However, recall drops back down to ~0.66, so it misses more positives (~1910 cases) compared to the EarlyStopping version.  
This model prioritizes **precision and overall accuracy** at the cost of sensitivity.  

---

# Overall Comparison

| Model                     | Accuracy | Precision | Recall | F1 Score | FN (missed) | FP (flagged) | Key Trait |
|----------------------------|----------|-----------|--------|----------|-------------|--------------|-----------|
| **Baseline MLP**          | 0.706    | 0.718     | 0.674  | 0.695    | 1824        | 1487         | Balanced, but moderate recall |
| **Adam + EarlyStopping**  | 0.711    | 0.714     | 0.698  | 0.706    | 1689        | 1567         | Best recall, fewer missed positives |
| **Best Tuned MLP**        | 0.716    | 0.741     | 0.659  | 0.698    | 1910        | 1288         | Highest accuracy & precision, lower recall |

---

##  Summary:
- **Baseline MLP:** Balanced but weaker recall.  
- **Adam + EarlyStopping:** **Best recall**, fewer missed cases — more suitable for healthcare contexts where sensitivity matters.  
- **Best Tuned MLP:** **Highest accuracy & precision**, but lower recall, meaning more diseased patients are missed.  

The **Adam + EarlyStopping version** offers the most clinically relevant balance (catching more positives), while the tuned model is stronger if minimizing false positives is the priority.  


In [44]:
# Save Tuned MLP Results
import joblib, pandas as pd, numpy as np

# Save MLP model
model_filename =  "mlp_adamtuned.pkl"
joblib.dump(adammlp, model_filename)

# Ensure 1D arrays for y_true and y_pred
y_true = y_test.to_numpy() if hasattr(y_test, "to_numpy") else np.asarray(y_test)
y_pred = y_pred_mlp
y_prob = y_prob_mlp

# Optional gender column if present in test set
if isinstance(X_test, pd.DataFrame) and "gender" in X_test.columns:
    gender_vals = X_test["gender"].to_numpy()
else:
    gender_vals = np.full(shape=len(y_true), fill_value=np.nan)

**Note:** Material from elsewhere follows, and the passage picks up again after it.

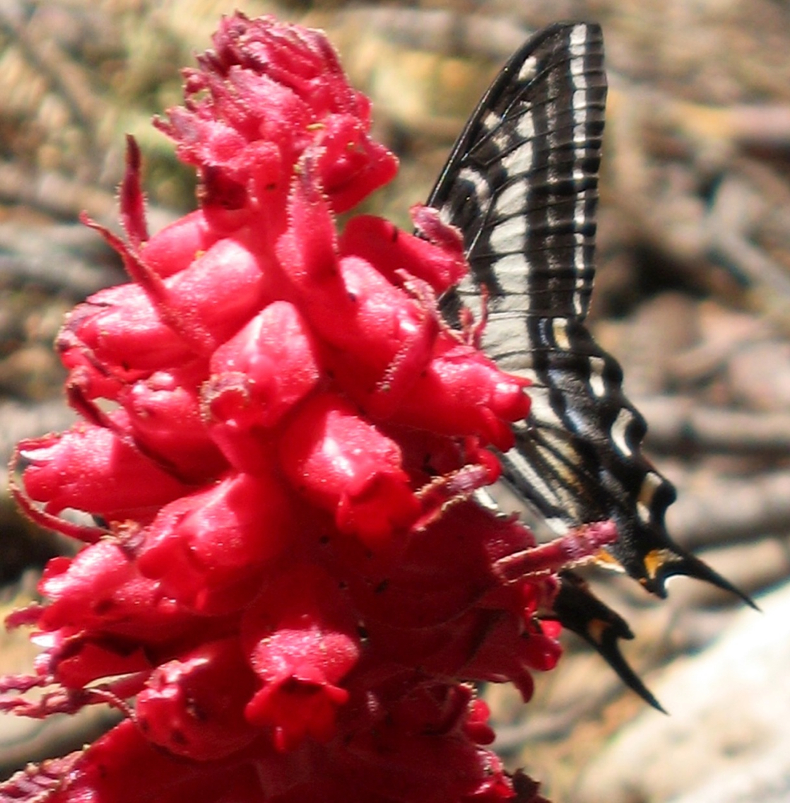 Papilio eurymedon | species | Sarcodes sanguinea | species | visitsFlowersOf | Animalia | Arthropoda | Insecta | Lepidoptera | Papilionidae | Papilio | Plantae | Tracheophyta | Magnoliopsida | Ericales | Ericaceae | Sarcodes | 39.626833 | -120.575667 | 2013 | 7 | 6 | http://creativecommons.org/licenses/by-nc/4.0/ | https://www.inaturalist.org/observations/324372 | |

# Build and save results DataFrame
results = pd.DataFrame({
    "gender": gender_vals,
    "y_true": y_true,
    "y_pred": y_pred,
    "y_prob" : y_prob
})

preds_filename = "CVDKaggleData_75F25M_MLP_adamtuned_predictions.csv"
results.to_csv(preds_filename, index=False)

print(f"Saved Adam tuned MLP model → {model_filename}")
print(f"Saved predictions → {preds_filename}")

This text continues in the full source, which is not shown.